Topological physics has broadened its scope from the study of topological insulating phases to include nodal phases containing band structure singularities. The geometry of the corresponding quantum states is described by the quantum metric which provides a theoretical framework for explaining phenomena that conventional approaches fail to address. The field has become even broader by encompassing non-Hermitian singularities: in addition to Dirac, Weyl nodes, or nodal lines, it is now common to encounter exceptional points, exceptional or Weyl rings, and even Weyl spheres. They give access to fascinating effects that cannot be reached within the Hermitian picture. However, the quantum geometry of non-Hermitian singularities is not a straightforward extension of the Hermitian one, remaining far less understood. Here, we study experimentally and theoretically the dynamics of wave packets at exceptional rings stemming from Dirac points in a photonic honeycomb lattice.
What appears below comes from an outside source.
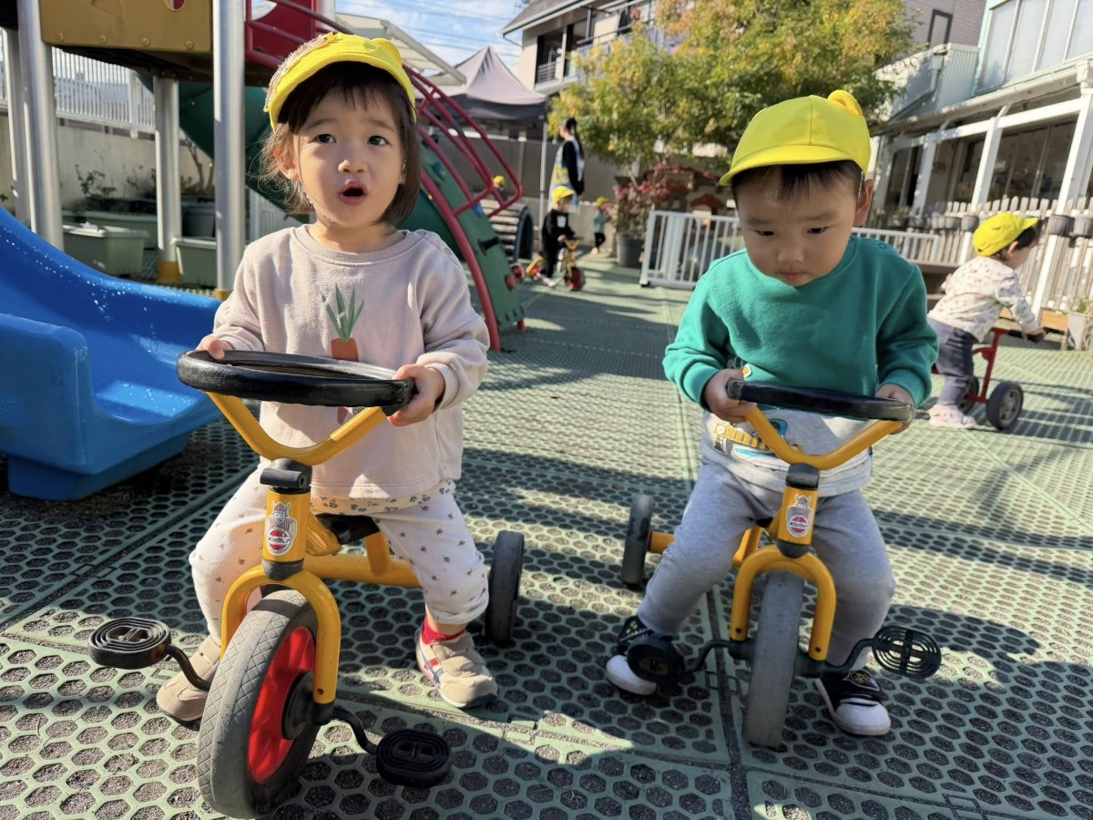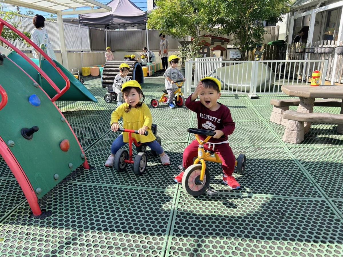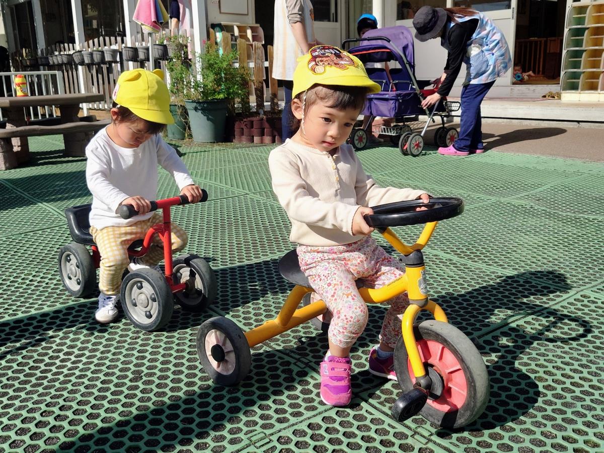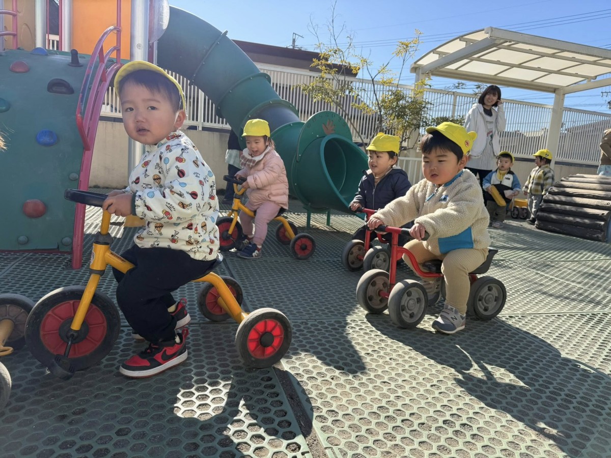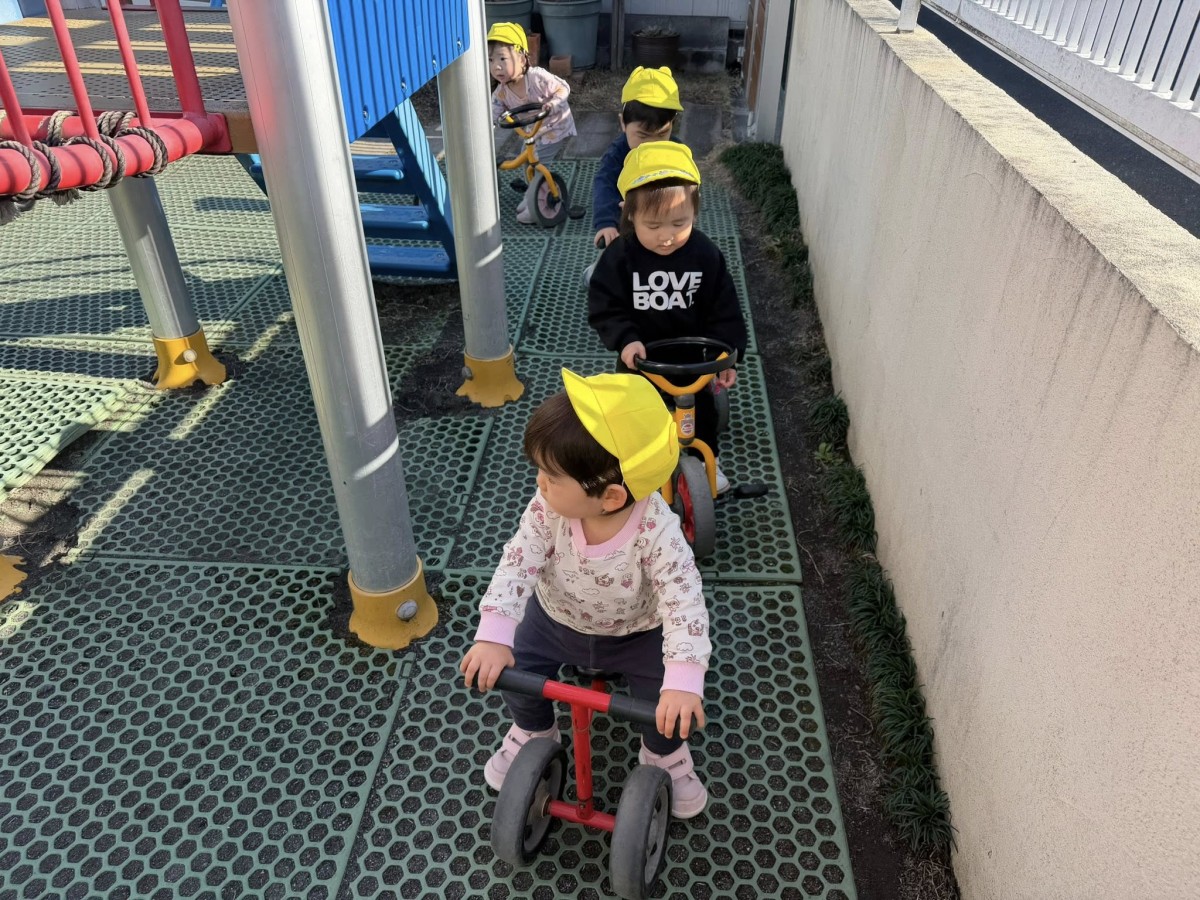 | 今日は園庭で遊びました。三輪車や四輪車に乗り、「ゴーゴー!」と言いながら園庭をドライブするひよこ組さん。保育士が途中で「おーい」と手を振ると、「ばいばーい!」と元気いっぱい手を振り返してくれました。 |

First, we demonstrate a transition between conical diffraction and non-Hermitian broadening in real space. Next, we predict and demonstrate a new non-Hermitian effect in the reciprocal space, induced by the non-orthogonality of the eigenstates. We call it transverse non-Hermitian drift, and its description requires biorthogonal quantum metric. The non-Hermitian drift can be used for applications in beam steering.